Use of the MoCA in Detecting Early Alzheimer's Disease in a Spanish-Speaking Population With Varied Levels of Education

Yan Zhou et al. Dement Geriatr Cogn Dis Extra. .
Free PMC article

Abstract

Background/aims: Performance on the Montreal Cognitive Assessment (MoCA) has been demonstrated to be dependent on the educational level. The purpose of this study was to identify how to best adjust MoCA scores and to identify MoCA items most sensitive to cognitive decline in incipient Alzheimer's disease (AD) in a Spanish-speaking population with varied levels of education.
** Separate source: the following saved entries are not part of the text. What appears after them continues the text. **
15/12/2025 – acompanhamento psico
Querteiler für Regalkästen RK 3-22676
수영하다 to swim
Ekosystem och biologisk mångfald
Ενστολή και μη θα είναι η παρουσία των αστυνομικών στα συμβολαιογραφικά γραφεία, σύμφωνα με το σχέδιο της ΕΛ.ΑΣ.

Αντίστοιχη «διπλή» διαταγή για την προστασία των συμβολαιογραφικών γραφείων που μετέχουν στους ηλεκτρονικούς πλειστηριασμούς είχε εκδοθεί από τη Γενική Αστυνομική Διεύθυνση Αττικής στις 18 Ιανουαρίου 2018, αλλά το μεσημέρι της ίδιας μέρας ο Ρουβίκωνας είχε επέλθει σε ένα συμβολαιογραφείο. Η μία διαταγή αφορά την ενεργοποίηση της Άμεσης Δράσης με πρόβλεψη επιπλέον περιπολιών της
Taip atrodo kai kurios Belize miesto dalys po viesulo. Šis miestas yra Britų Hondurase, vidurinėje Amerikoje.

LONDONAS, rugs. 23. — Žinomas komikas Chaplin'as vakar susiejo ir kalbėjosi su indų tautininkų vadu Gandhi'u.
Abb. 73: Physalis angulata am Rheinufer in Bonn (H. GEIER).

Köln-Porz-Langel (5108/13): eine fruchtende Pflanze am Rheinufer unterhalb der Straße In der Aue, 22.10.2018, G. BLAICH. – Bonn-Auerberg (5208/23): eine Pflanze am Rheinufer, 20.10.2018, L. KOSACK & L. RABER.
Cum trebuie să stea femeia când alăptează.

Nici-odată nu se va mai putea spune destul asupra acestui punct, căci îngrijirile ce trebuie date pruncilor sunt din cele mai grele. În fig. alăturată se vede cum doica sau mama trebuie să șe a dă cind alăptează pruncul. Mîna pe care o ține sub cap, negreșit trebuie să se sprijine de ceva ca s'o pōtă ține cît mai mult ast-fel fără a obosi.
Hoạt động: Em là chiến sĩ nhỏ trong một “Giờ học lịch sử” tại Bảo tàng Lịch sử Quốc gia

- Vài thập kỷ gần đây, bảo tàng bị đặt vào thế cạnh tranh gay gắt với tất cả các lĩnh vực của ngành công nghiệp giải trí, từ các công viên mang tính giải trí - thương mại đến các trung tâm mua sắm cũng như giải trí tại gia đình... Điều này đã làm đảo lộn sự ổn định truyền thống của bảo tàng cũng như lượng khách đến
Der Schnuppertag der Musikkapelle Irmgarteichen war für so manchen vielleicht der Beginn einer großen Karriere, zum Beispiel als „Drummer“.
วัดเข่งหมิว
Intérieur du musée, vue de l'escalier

Methods: We analyzed data from 50 Spanish-speaking participants. We examined the pattern of diagnosis-adjusted MoCA residuals in relation to education and compared four alternative score adjustments using bootstrap sampling. Sensitivity and specificity analyses were performed for the raw and each adjusted score. The interval reliability of the MoCA as well as item discrimination and item validity were examined.

Results: We found that with progressive compensation added for those with lower education, unexplained residuals decreased and education-residual association moved to zero, suggesting that more compensation was necessary to better adjust MoCA scores in those with a lower educational level. Cube copying, sentence repetition, delayed recall, and orientation were most sensitive to cognitive impairment due to AD.
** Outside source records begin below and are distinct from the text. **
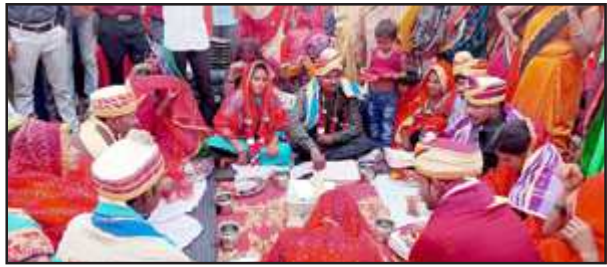
सामूहिक विवाह का आयोजन।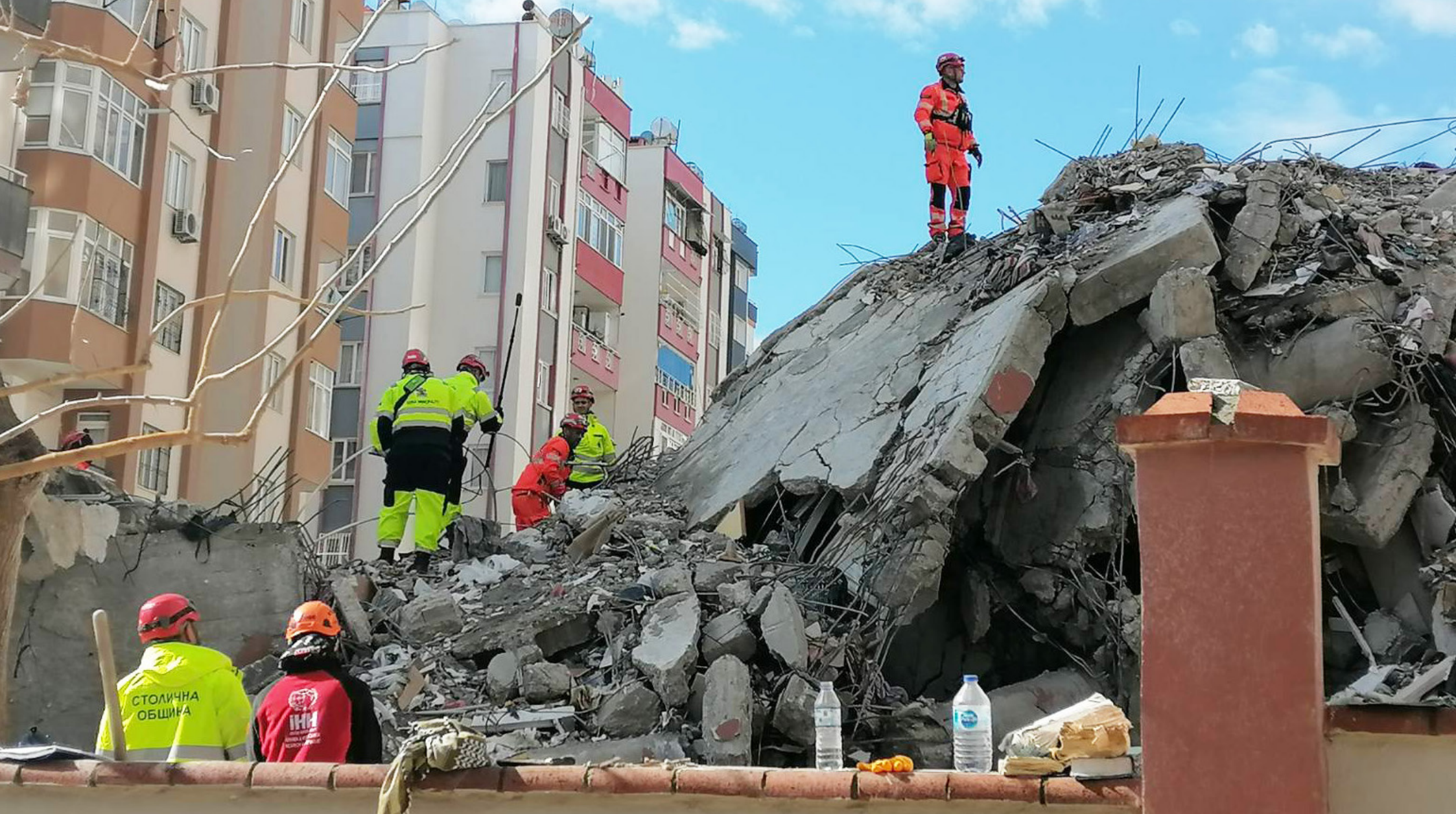
2023, Adana Bulgarian Search and Rescue Team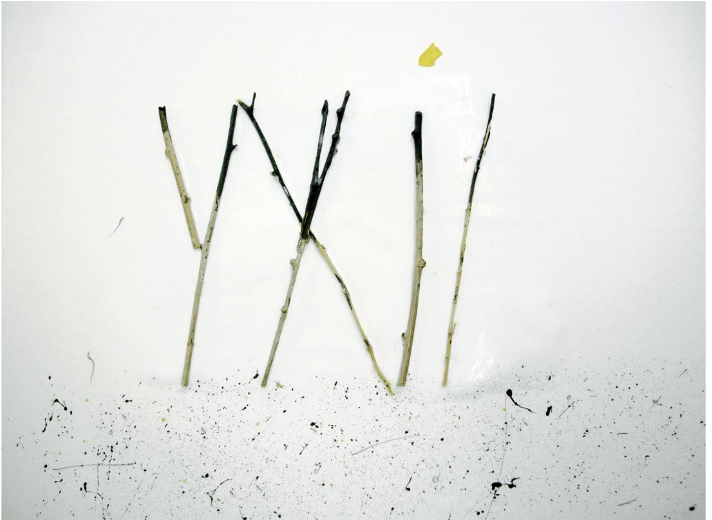
„Das große Tor“, 2008, Mischtechnik auf Bütten, 14 x 19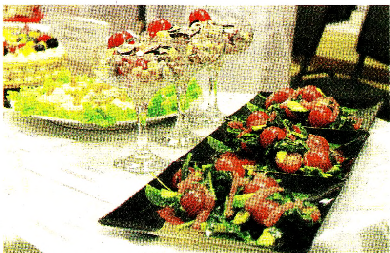
Столы ломались от выпечки и закусок

Conclusion: A compensation of 3-4 points was needed for <6 years of education. Overall, the Spanish version of the MoCA maintained adequate psychometric properties in this population.

Keywords: Alzheimer's disease; Dementia; Education; Hispanic population; Latino population; Mild cognitive impairment; Montreal Cognitive Assessment; Screening; Spanish-speaking population.

Figures

Fig. 1
Fig. 1
Scatter plot of diagnosis-adjusted MoCA residuals and years of education. The solid line is the zero reference line, and the dashed line represents the best fit regression line.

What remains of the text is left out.